WHAT YOU HAVE TO DO: Give the lines again exactly as they appear below, from the line with "因應新冠肺炎疫情發展,本府臺" to the line with "Ce bloc-notes Post-It", both included, and only those lines. Leave every picture out.

SUPPLIED RECORDS:
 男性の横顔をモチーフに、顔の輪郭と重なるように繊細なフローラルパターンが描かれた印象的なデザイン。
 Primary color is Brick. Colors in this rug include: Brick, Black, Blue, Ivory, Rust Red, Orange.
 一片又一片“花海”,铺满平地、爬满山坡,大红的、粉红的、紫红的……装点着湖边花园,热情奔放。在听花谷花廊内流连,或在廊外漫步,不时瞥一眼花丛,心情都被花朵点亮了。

* * *

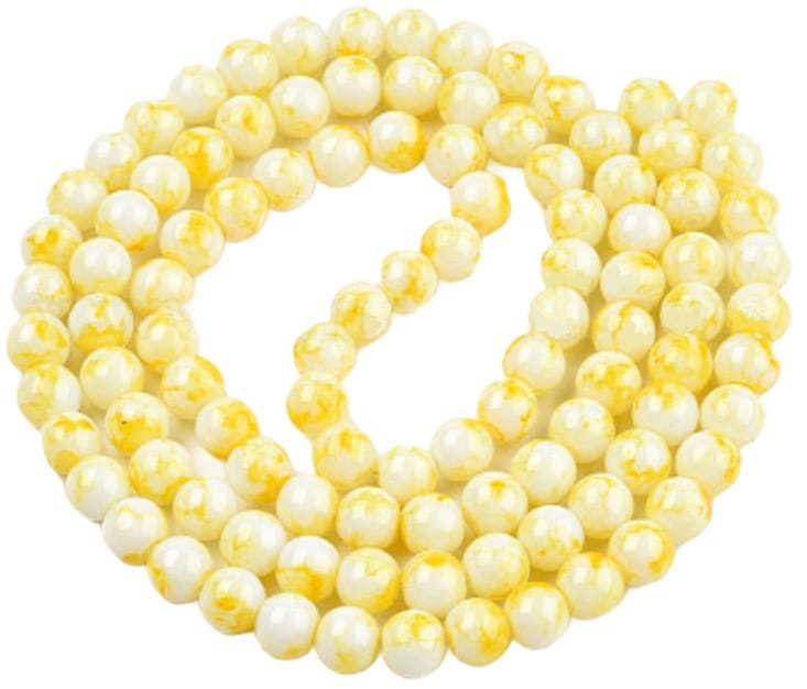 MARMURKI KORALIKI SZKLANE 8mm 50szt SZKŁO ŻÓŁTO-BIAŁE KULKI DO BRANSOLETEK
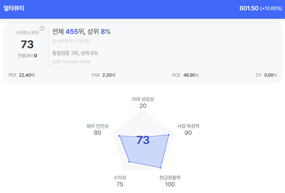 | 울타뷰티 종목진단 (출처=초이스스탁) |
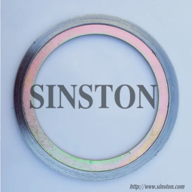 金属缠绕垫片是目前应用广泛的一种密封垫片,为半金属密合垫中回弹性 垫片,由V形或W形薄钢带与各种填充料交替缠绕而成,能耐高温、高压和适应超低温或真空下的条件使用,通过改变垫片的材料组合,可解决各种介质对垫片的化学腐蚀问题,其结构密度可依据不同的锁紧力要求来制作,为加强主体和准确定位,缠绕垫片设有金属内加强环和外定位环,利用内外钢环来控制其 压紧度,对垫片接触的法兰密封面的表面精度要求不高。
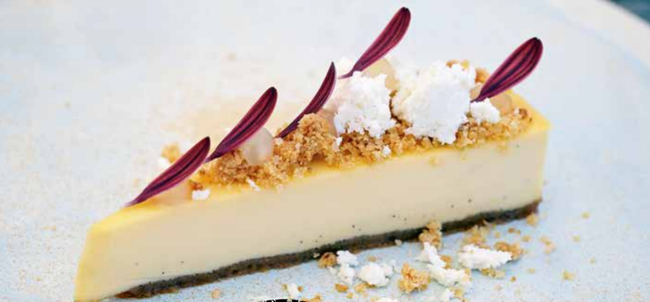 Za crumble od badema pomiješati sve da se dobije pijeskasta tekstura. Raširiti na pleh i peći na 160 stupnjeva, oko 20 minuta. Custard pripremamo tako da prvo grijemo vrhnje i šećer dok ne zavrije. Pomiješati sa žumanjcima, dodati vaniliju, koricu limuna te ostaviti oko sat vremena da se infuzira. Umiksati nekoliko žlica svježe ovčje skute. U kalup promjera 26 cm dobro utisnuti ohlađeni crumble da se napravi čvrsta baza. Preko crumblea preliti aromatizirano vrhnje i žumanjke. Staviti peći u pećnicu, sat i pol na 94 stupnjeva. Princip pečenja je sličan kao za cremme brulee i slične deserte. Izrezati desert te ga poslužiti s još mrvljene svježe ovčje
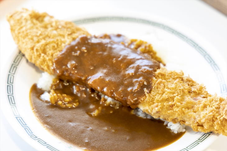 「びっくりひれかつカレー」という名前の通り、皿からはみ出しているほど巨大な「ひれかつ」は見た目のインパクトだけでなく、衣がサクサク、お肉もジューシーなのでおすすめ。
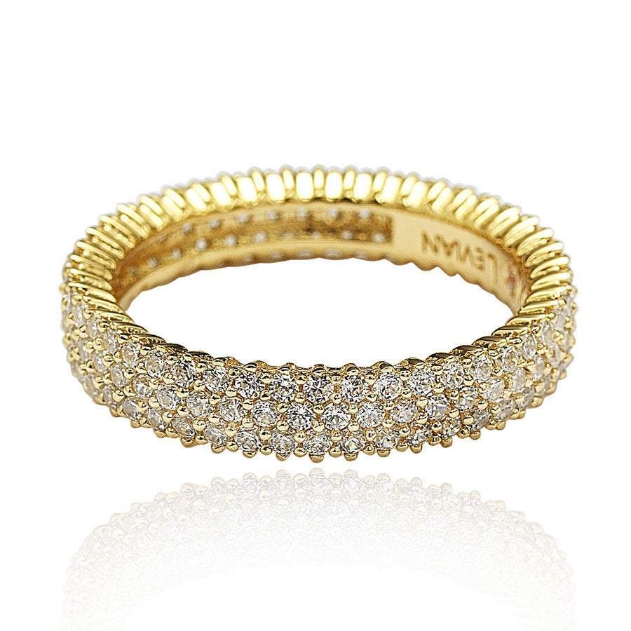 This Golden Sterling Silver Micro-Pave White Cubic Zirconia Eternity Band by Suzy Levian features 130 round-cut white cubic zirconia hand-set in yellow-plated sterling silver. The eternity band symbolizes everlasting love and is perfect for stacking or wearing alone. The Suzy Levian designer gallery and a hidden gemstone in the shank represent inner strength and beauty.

==

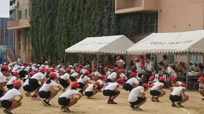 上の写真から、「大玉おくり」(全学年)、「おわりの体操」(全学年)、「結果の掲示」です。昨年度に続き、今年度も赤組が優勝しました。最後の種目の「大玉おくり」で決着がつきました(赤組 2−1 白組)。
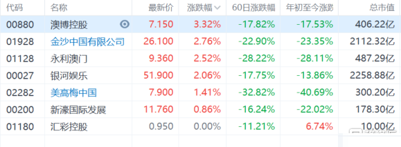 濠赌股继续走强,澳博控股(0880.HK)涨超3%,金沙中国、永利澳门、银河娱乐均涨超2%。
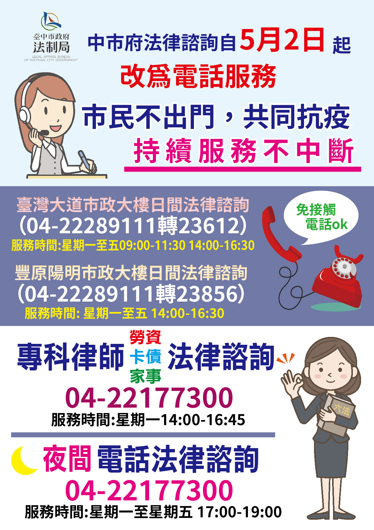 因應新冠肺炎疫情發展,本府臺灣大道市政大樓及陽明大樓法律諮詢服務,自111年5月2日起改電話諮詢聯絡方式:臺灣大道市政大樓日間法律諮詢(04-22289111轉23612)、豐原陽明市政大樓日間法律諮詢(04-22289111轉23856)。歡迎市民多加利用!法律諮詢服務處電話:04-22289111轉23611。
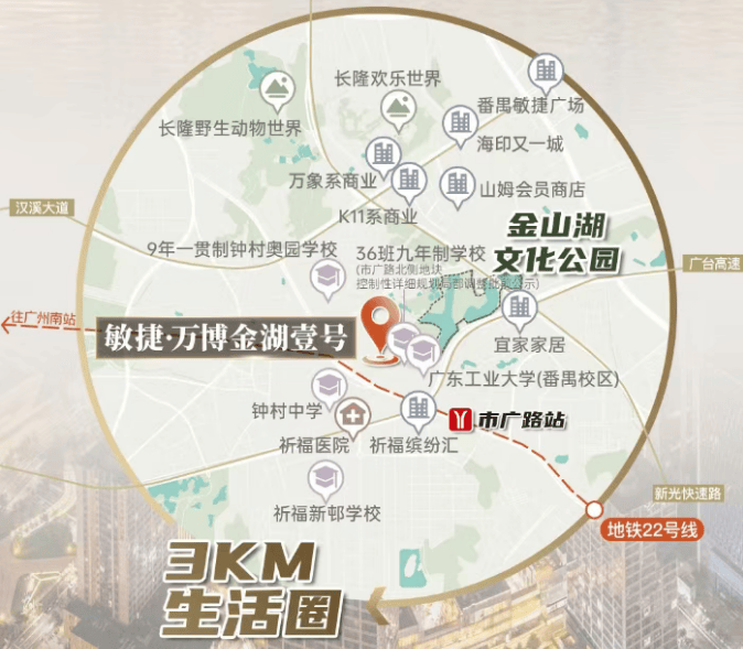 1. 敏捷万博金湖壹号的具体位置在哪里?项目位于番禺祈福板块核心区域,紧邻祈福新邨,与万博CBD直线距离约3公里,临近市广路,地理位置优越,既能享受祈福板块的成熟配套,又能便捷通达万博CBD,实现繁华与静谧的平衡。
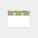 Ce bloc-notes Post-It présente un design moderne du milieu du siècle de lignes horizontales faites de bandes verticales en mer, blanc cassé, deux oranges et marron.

EXERCISE ANSWER:
 因應新冠肺炎疫情發展,本府臺灣大道市政大樓及陽明大樓法律諮詢服務,自111年5月2日起改電話諮詢聯絡方式:臺灣大道市政大樓日間法律諮詢(04-22289111轉23612)、豐原陽明市政大樓日間法律諮詢(04-22289111轉23856)。歡迎市民多加利用!法律諮詢服務處電話:04-22289111轉23611。
 1. 敏捷万博金湖壹号的具体位置在哪里?项目位于番禺祈福板块核心区域,紧邻祈福新邨,与万博CBD直线距离约3公里,临近市广路,地理位置优越,既能享受祈福板块的成熟配套,又能便捷通达万博CBD,实现繁华与静谧的平衡。
 Ce bloc-notes Post-It présente un design moderne du milieu du siècle de lignes horizontales faites de bandes verticales en mer, blanc cassé, deux oranges et marron.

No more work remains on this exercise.